右手には指先が動かなくて手放せなくなったナイフが鈍い光を放ち、左手は有り得ない方向に折れた指で懐中時計の感触を確かめる。
笑う膝を押さえつけ幽鬼のように立ち上がり、かれ果てた喉を血で潤すと鮮明な意識が帰ってきた。
少女はこれから起こる事をまるで待ち望み期待しているかのように微笑む。
私が殺意を隠しもせずに歩み寄ると少女は右手を差し出し私の左手を優しく包み、二人の間、胸の高さまで引き寄せる。
それがダンスに誘う仕草であると気づくと、優美な少女に比べ服は汚れ破れて、傷だらけの肌をさらして、挙句砕け潰れた指であることを少しだけ残念だと感じた。
少女ははばたき、三日月のような口で告げる。
――さあ、殺し合い《私と踊り》ましょう――。
***
頬を濡らすその感触で夢から醒めた。
今度は間違いなく憶えている。私は確かに幸いな日々を夢に見た。
不遜で気高い吸血鬼と無邪気で淋しがりな吸血鬼の姉妹と博識で物臭な魔女と生真面目で陽気な門番と、そこにいるいつかの自分の姿を。
でも、そこに貴方はいない。
もう冷たくなってしまった貴方は行けない。
だから、私はその幸せに背を向ける。

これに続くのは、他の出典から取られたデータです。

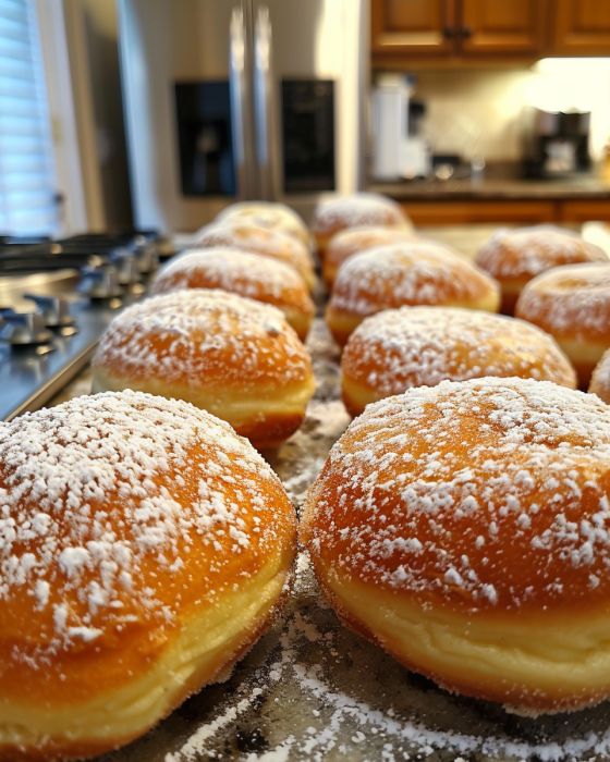 Сервирането на тези красоти директно от фритюрника, поръсени с пудра захар, ще накара любимите ви хора да се насладят на вкус. Комбинирайте ги с чаша силно кафе или студена чаша мляко за децата. А ако се чувствате малко по-разглезени, порция пресни горски плодове може да добави прекрасен тръпчив контраст към богатия кремообразен пълнеж.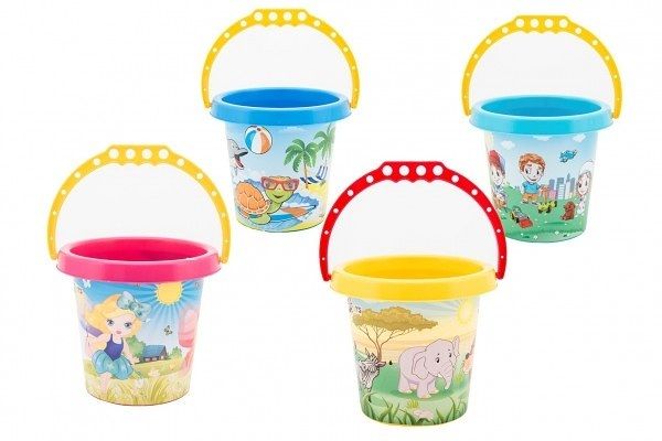Barevný kyblík s veselým obrázkem je senzačním doplňkem k moři i na pískoviště! Praktické ucho zaručuje pohodlné přenášení.

その幸せに向かっていく幾多の私に別れを告げる。
――そっちの私も、幸せにね――。
すっかり冷たくなってしまった貴方の骸から這い出ると愛しい貴方を取り囲む群集に立ちはだかる。
ごめんなさい、貴方との約束を初めて破ります。貴方は怒るかな。貴方は、怒ってくれるのかな。

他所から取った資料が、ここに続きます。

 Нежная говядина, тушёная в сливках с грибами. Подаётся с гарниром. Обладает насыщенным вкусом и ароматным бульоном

右手には銀のナイフ、左手には懐中時計。二つとも、大切な貴方の形見だ。
これ以上貴方を傷付けさせはしない。今までずっと守ってくれた貴方を今度は私が守るから。
懐中時計を胸に、念じる。視界が歪む感覚と共に時間が間延びする。時間を完全に停滞させるだけの力は無いけれど貴方を守ることならこれくらいの力でも問題ない。
私は群集の只中を駆け抜ける。これ以上貴方を汚させまいと、貴方に悪意を向ける群集を殺し尽くす。

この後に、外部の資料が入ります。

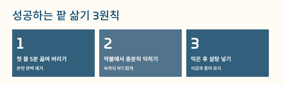팥 삶는 방법은 의외로 간단하지만, 그 안에 담긴 '첫 물 버리기'와 '익힘 정도 확인'이라는 디테일이 맛의 차이를 만듭니다.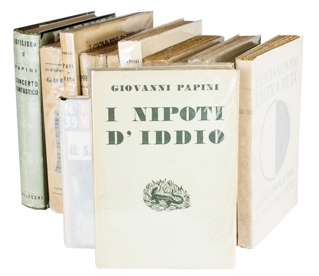 In-8° (mm 200x130). Pagine 191, [1]. Esemplare in barbe con fioriture sparse. Brossura editoriale con qualche gora d'acqua ai piatti. SI AGGIUNGONO: Id., Parole e sangue. Napoli: Perrella, 1912. Poeti d'oggi. Firenze: Vallecchi, 1920. Giorni di festa. Firenze: Libreria della Voce, 1919. Pane e Vino. Firenze: Vallecchi, 1926. Gli operai della vigna. Firenze: Vallecchi, 1929. Gog. Firenze: Vallecchi, 1931. I nipoti d'Iddio. Firenze: Vallecchi, 1932. Ritratti Stranieri VOL XI. Firenze: Vallecchi, 1932. Il sacco dell'orco. Firenze: Vallecchi, 1933. La pietra infernale. Brescia: Morcelliana, 1934. Cielo e Terra. Firenze: Libreria Editrice Fiorentina, 1943. Concerto Fantastico. Firenze: Vallecchi, 1954. (13)

銀のナイフは振るわれる度に群衆の首を斬り裂き、額をかち割り、心臓に突き刺さった。
その度に私の体は熱い血潮に塗れる。
最後には切っ先の折れたナイフで喉笛を抉り出すと群集は全て崩れ落ち、私もまた力尽きて倒れ伏した。
――。
不意に私の名を呼ぶ声がした。
だが、私の名前を知っているのは貴方しかいない。今更その事実に呆れ、ふと気付いた。
空を仰ぐと紅い、真円の月がある。
***
頬を濡らすその感触で気が付いた。
既にこの地には動くものは何一つ無い。
貴方の骸を抱く私もまた既に動くだけの力なんてほんの少しも残っていなかった。
死んだ町に雨が降る。雲の無い空に降るそれは月の流す涙のようだった。
町を、血を、私を、洗い流すように月は泣く。
だからだろう、
私は終に泣いていることに気付かなかった。